Si On's practice takes forms ranging from hallucinant monumental painting to hulking sculptures melted with a soldering iron, alongside overbearing installations formed from swathes of second-hand fabric and clothing. Si On’s characters exist in vibrantly hypnotic landscapes that serve to mirror their inhabitants' transcendent states. Despite the otherworldly aesthetic of her work, Si On’s subjects are universal human emotions, often focusing on extreme psychological states and their underlying triggers: personal trauma, sociocultural tension, political unrest, and in her own words, “the sadness and pain caused by the inscrutability, absurdity and contradictions that human beings face in their lifetimes.”
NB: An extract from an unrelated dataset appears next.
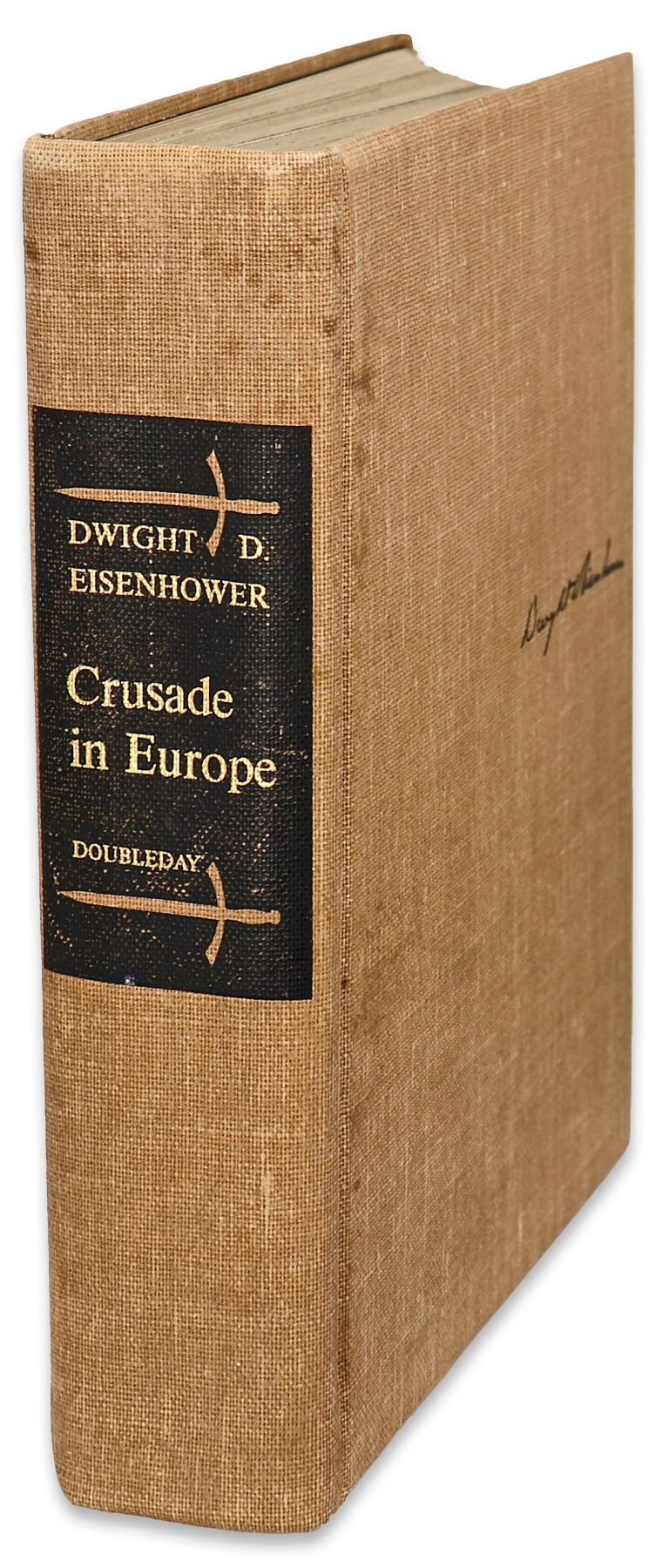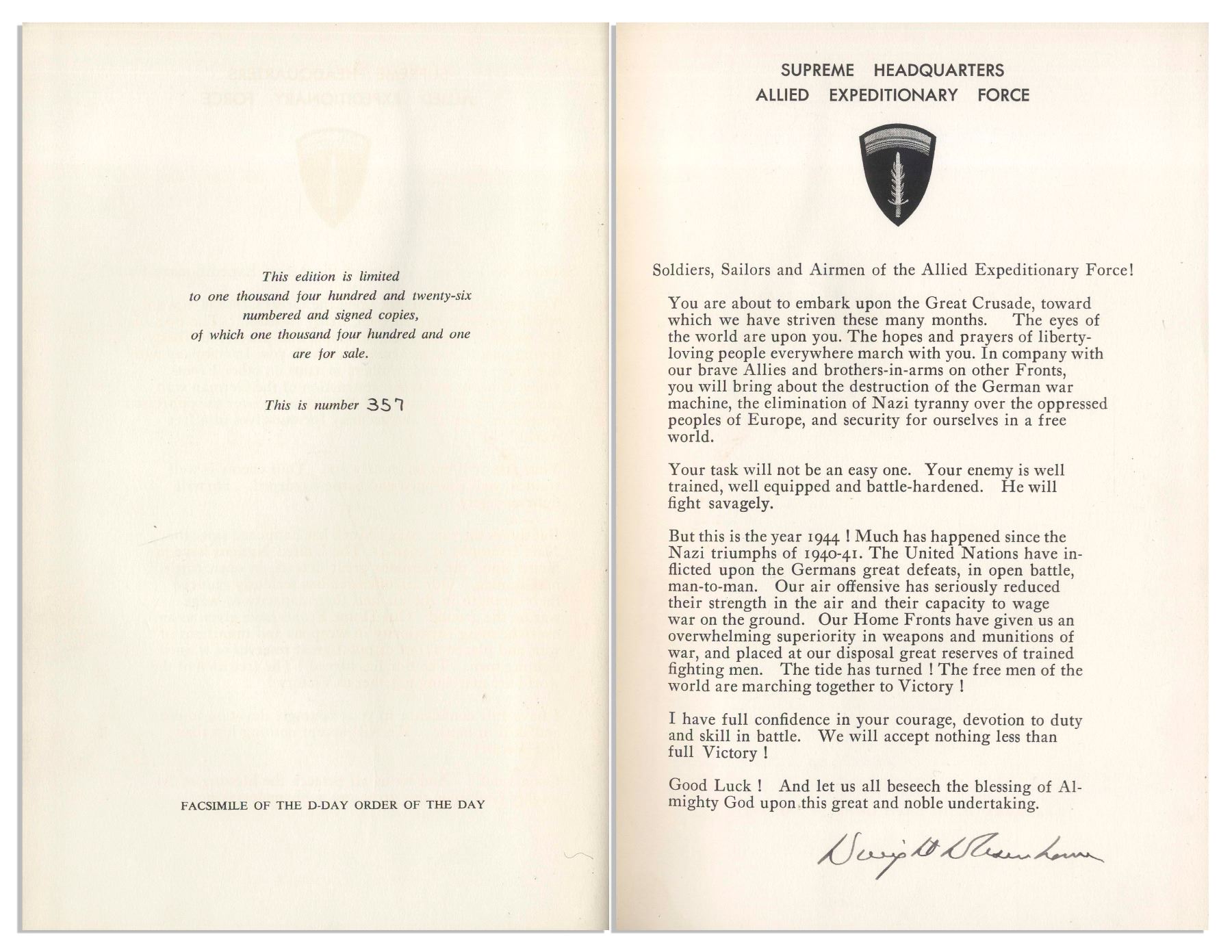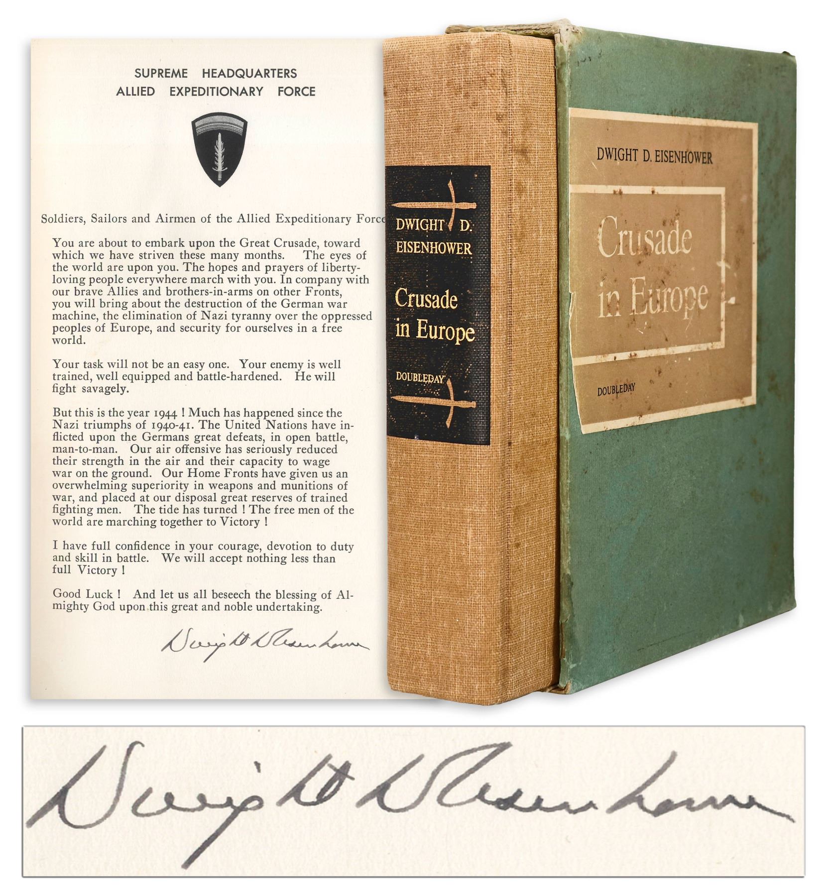 Dwight Eisenhower signed D-Day speech, contained within the first edition of ''Crusade in Europe'', Eisenhower's account of the Allied victory in Europe. Garden City, NY: Doubleday, 1948, book is number 357 of the signed limited edition of 1426. Eisenhower signs ''Dwight D Eisenhower'' to the bottom of the speech, which reads in part, ''Soldiers, Sailors and Airmen of the Allied Expeditionary Force!...Your task will not be an easy one. Your enemy is well trained, well equipped and battle-hardened. He will fight savagely. But this is the year 1944! Much has happened since the Nazi triumphs of 1940-41...'' Bound in light brown cloth boards with maps to endpapers, and top edge gilt. Photographs and illustrations throughout. Measures 6.75'' x 9.75'', in rare original sage green slipcase that measures 7'' x 10.25''. Moderate wear to slipcase, in good condition. Some discoloration to boards, and light discoloration to first few pages of book, overall in very good condition, with a near fine signature page. With JSA COA.

Inspired by her own experiences of Korean shamanism, her work accesses deep subconscious states to purge waves of personal and collective fear, pain, grief and rage. The four new paintings in A Peace Brimming with Malice can be considered reticent self-portraits in which the boundary between the individual and her surrounding plant ecology is dissolved. Si On draws on the ritualised celebration of the Day of the Dead - flowers play an integral role in these traditions and are offered to ancestors as a welcome back to Earth. The artist incorporates species tied to this day: pink cockscomb and chrysanthemum are augmented with lilies and orchids more widely associated with the afterlife. Within the riot of colours, the layering of symbols of morbidity are warning and wisdom.
Si On’s protagonists explore this metaphor to reflect on her own personal circumstances and resources. Whilst recent bodies of work have dealt with specific national histories and autobiographical trauma, A Peace Brimming with Malice relays Si On’s relatable sense of frustration with the moral hypocrisy of participating in systems of production reliant on exploitation, in an increasingly interconnected yet socially divided world. Self-critical of the abundance she enjoys, her work points to the ethical inconsistencies and ease at which she overlooks the disconnect between labour, production, product and consumer.
Si On (b.1979, South Korea) received her BA from Mokwon University in South Korea and received her MA and Ph.D. at Kyoto City University of Arts’ Graduate School of Arts. In 2023, Si On will exhibit at James Fuentes Gallery, New York, USA; T293, Rome, Italy and Galeria Labirynt, Lublin, Poland. Recent solo exhibitions include Mori Art Museum, Tokyo, Japan (2020); Parasol Unit, London, UK (2019); Pioneer Works, New York (2015); HAPS, Kyoto, Japan (2013); Kyoto Art Center, Japan (2011). Si On has participated in group exhibitions in institutions including BWA Wroclaw Galleries of Contemporary Art, Wroclaw, Poland (2019); Museum of Contemporary Art / Muzeum Sztuki Nowoczesnej, Warsaw, Poland (2018); Carnegie Art Museum, Pittsburgh, USA, (2016); Brooklyn Museum, New York (2015); Asian Art Museum, San Francisco, USA (2012) and Museum of Contemporary Art, Tokyo, Japan (2010). Her work is in the permanent collections of Brooklyn Museum, NY; High Museum of Art, Atlanta, GA; Kyoto City University of Arts, Kyoto; Kyoto Municipal Museum of Art, Kyoto; Kyoto Bank, Kyoto; Mori Art Museum, Tokyo; Museum of Contemporary Art, Krakow and Takahashi Collection, Japan. Si On lives and works in Krakow, Poland.
No prior booking is required to visit this exhibition.